FRIDAY MAY 21, 2021
1:00 PM (EDT) 

Raymond Montpetit

Professor emeritus, Université du Québec à Montréal (UQAM)

Exhibiting the Elsewhere and Being There: Topo-analogical Museum Apparatuses and their Occupants (in French)

 
Thomas Rowlandson, Mr. Bullock’s Exhibition of Laplanders (1822)
Credit: Rosenwald Collection, National Gallery of Art, Washington

This intervention proposes to see how history and ethnology museums have evolved to exhibit not only a series of conserved artefacts, but also sets of objects displayed in such a way as to create an image and spatially configure a place that reproduces an inhabited place of the outdoor world. I will take up the question of the presence or absence of human figures in topo-analogical museum designs, such as period rooms and dioramas. These apparatuses, which were first used in popular entertainment venues (wax museums and world’s fairs), became standard in various types of museums in the first decades of the 20th century and effectively act as a call for personification aimed at peopling the sites, making the absent present and making history come alive (“life group,” “living history”). My presentation examines this museographical turn and the visual culture factors that inspired this development and identifies several modes of human (re)presentation in history exhibitions.

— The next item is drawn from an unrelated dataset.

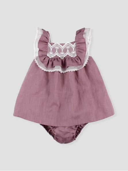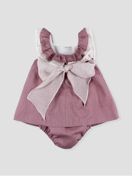 Jesusito para niña, en un elegante tono rosado, incluye vestido y braguita a juego. Destaca por su delicado volante en el pecho, decorado con encaje blanco, que realza el contraste con el color de la prenda. La espalda se embellece con un gran lazo de tejido ligero, aportando un toque distintivo. Confeccionado en suave tejido de lino, este diseño es cómodo y favorecedor, ideal para fiestas y celebraciones familiares. Hecho en España
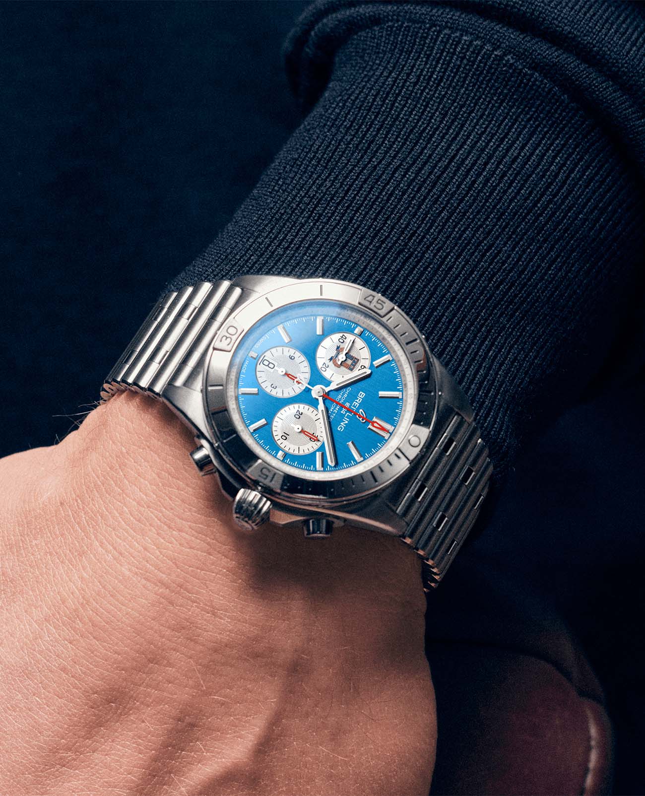 Мужские швейцарские часы-хронограф с секундомером Breitling Chronomat B01 42 Six Nations Italy AB0134A41C1A1, механический механизм (автоматический калибр) с высокой точностью. Сапфировое стеклоСапфировое стеклоПрочный и надёжный материал из кристалла сапфира синтетического происхождения, характеризующийся особой твёрдостью и устойчивостью к царапинам и повреждениям. устойчивое к появлению царапин, обладающее высокой прозрачностью. Класс водозащиты: 200 метров, позволит плавать, нырять и заниматься другими водными видами спорта. Корпус часов изготовлен из нержавеющей стали. Стальной браслет на застёжке «бабочка» с кнопкамиЗастёжка "бабочка"Такой вид застёжки дополняется предохранителями, помогающими избежать случайного раскрытия браслета. Обладают изящным исполнением. . Стрелки и метки с люминесцентным покрытиемЛюминесцентное покрытиеПозволяет считывать показания времени в темноте. Производители наносят на стрелки, часовые индексы, безель или поверхность циферблата светонакопительный состав, дающий холодное свечение.. Шкала тахиметра на циферблате. Окошко даты находится в положении 6 часов.

Museologist, art and culture historian, professor emeritus (2014) in the Art History department at UQAM, Raymond Montpetit was, from 1986 to 1987, the founding director of the Museology MA program at UQAM, which he directed from 1993 to 1999. For over forty years, he has worked on carrying out museum projects (Centre d’histoire de Montréal, Pointe-à-Callière, Pulperie de Chicoutimi) and exhibitions (among which Mémoires, presented for more than 15 years from 1988 at Musée de la civilisation, and Je me souviens. Quand l’art imagine l’histoire, also presented for more than 15 years, from 2002 at Musée national des beaux-arts du Québec). He has carried out several museum-related studies and evaluations and collaborated in the defining of heritage policies. His publications focus on the history and theory of museums and exhibitions. In 2009, he received the prestigious “Prix carrière” from the Société des musées du Québec (SMQ) and in 2016, ICOM Canada’s International Achievement Award in 2016 for his “outstanding role in promoting and putting Canadian museums on the world stage.”